Six different messages were tested to the subjects. Each message began with “The user” [@account]Your following was removed, I think because you used hateful language.

The preamble was followed by several warnings. These ranged from “If you keep using hate speech, your account might be suspended temporarily” to “If you keep using hate speech you could lose your friends, followers and posts and possibly not get your account back.”

These warnings weren’t issued by official Twitter accounts. Some were sent from fake accounts using handles such as ‘hate speech warrior’, while some others identified themselves to be professional researchers.

Engadget: Yildirim stated that they had tried to make the interview as authentic and convincing as possible.

The warnings were not issued by official Twitter accounts: Some came from dummy accounts with handles like 'hate speech warner,' while others identified themselves as professional researchers

These warnings weren’t issued by Twitter’s official accounts. Some were sent from fake accounts using handles such as ‘hate speech warrior’, while some others claimed to be professional researchers.

The number of hateful tweets by users who were warned was reduced up to 10% for those who got one. However, polite warnings proved twice as effective.

The authors stated that they had used the deterrence literature to design their messages. They also tested versions which stressed the authenticity of the sender and the credibility of the message. 

Although the effect was temporary, users were able to return to their native language within one month.

“Even though these warnings only have temporary effects, this research nevertheless provides potential paths forward for platforms trying to reduce hateful language use by users,” the authors said.  

The authors also recommended that Twitter take a more assertive approach to warning users about possible suspensions of their accounts in order to curb hate speech online

Yildirim admitted that a Twitter warning may be more effective, but acknowledged that acknowledgment is possible.

“The important lesson we learnt from the experiment was that it could have been the fact that these people were made aware by us that someone or something is following and monitoring them,” he said to Engadget. The fact that someone else saw their hate speech could have been the key factor to these people reducing their hate speech.

Twitter’s recent increase in account sanctions has been significant: According to Bloomberg reports, Twitter took on 77% more hate speech-related accounts than in the first half of 2020. Penalties range from banning accounts completely to removing tweets.

According to the authors, banning users completely ‘can have unintended consequences’ like them migrating onto more extreme platforms such as Parlor, Gab, or Rumble.

Twitter also introduced a number of new features that discourage hate speech. This includes the ability for iOS users to edit or delete ‘a potentially dangerous reply’ prior to posting.
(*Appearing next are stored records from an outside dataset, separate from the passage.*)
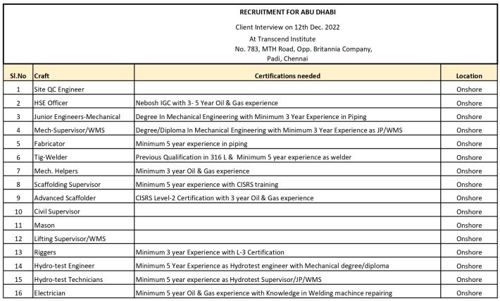 Urgent job vacancies in Abu Dhabi - Onshore Project
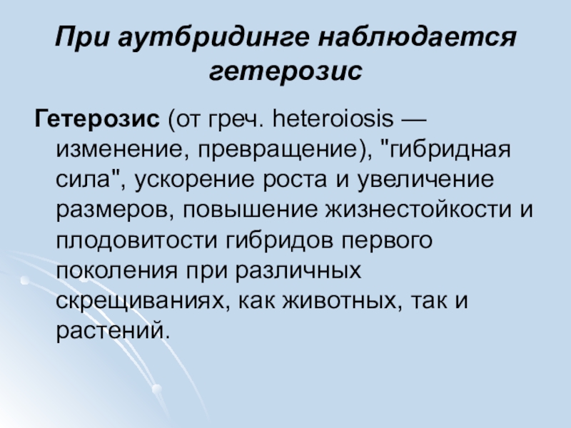 При аутбридинге наблюдается гетерозисГетерозис (от греч. heteroiosis — изменение, превращение),
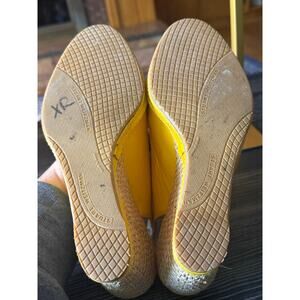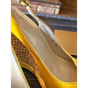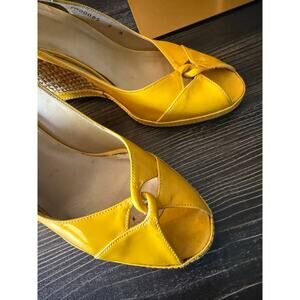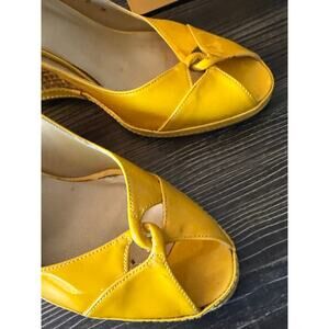 Vintage Stuart Weitzman Yellow Patent Leather Peep Toe Slingback Wedges Sz. 9
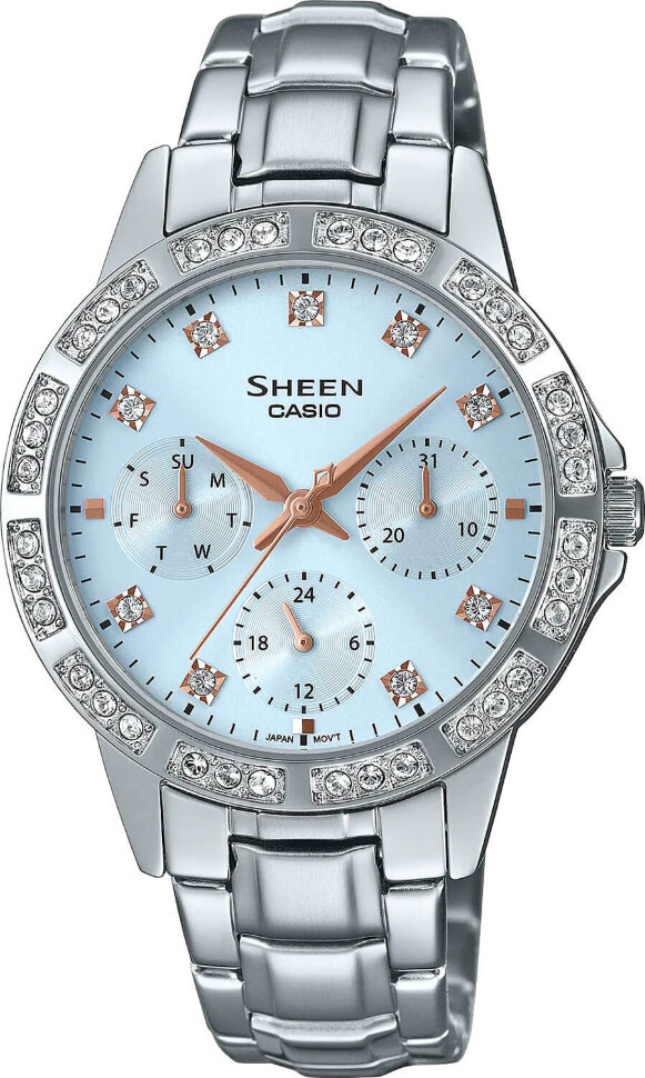 Наручные часы CASIO Sheen SHE-3517D-2A, женские, сапфировое стекло, WR50, серебристый, голубой
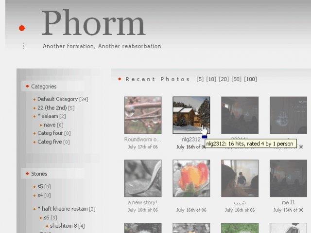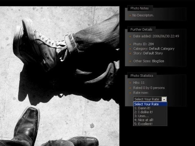 Phormer is a Light & Powerful Photo Gallery / Album in PHP without MySQL! Easy setup, AJAX upload, Comment/Hit/Rate(AJAX), Themes/Styles (CSS), RSS, EXIF, BulitIn Square Thumb, Categorization, Privacy, Mass Upload (ZIP), SlideShow, Word Verification & ..

This feature was first introduced in May 2020. It then quietly vanished, only to reappeared a few months later in August 2020.

In February 2021 it resurfaced. with Twitter sharingIt had “relaunched the experiment on iOS which asks you for feedback about a response that could be harmful or offensive.”
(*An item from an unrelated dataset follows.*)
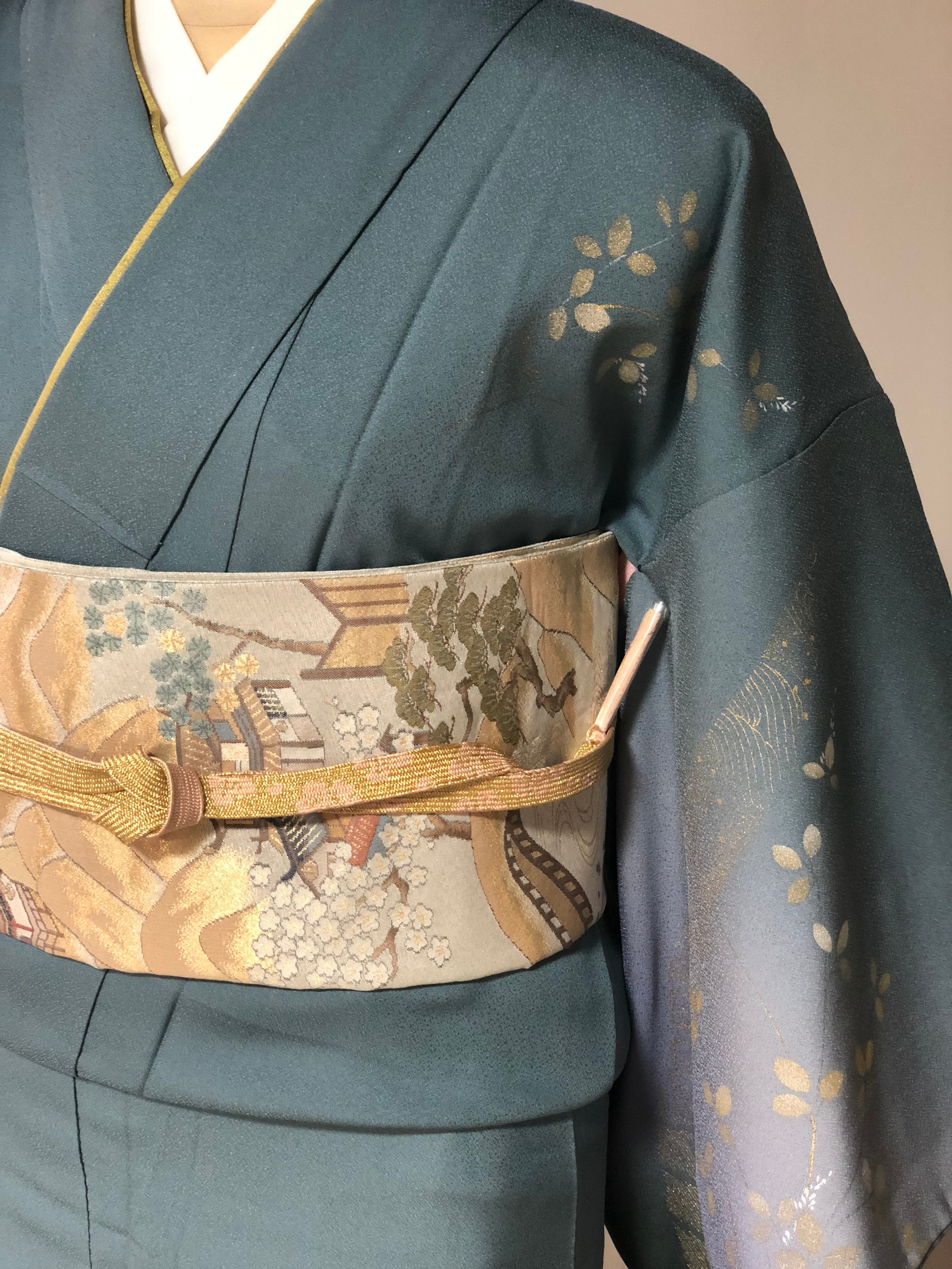 青緑から紫のグラデーション地に金色で描かれた萩や梅が美しい訪問着。

The warning message can be ignored by users, and they may still reply.

The platform has been testing an alert system that will warn users before they engage in a Twitter battle.

Twitter is testing a Safety Mode that automatically filters out messages its AI flags as likely containing hate speech

Twitter’s Safety Mode automatically flags messages it deems likely to contain hate speech and filters them out

Twitter Support states that messages can announce “conversations like these can be intense” depending on their topic.

Twitter stated it September 2012. was testing a ‘Safety Mode’That will automatically block hateful messages

Users will see their’mentions’ filter for a week after activating the mode so they don’t see any messages flagged as likely to contain hate speech, insults or other offensive language.

Twitter had a very small test group that was using the feature. said in a blog postPriority given to “marginalized” communities

The new features include being able untag yourself in a conversation as well as the ability of removing a follower from an account without blocking them or notifying.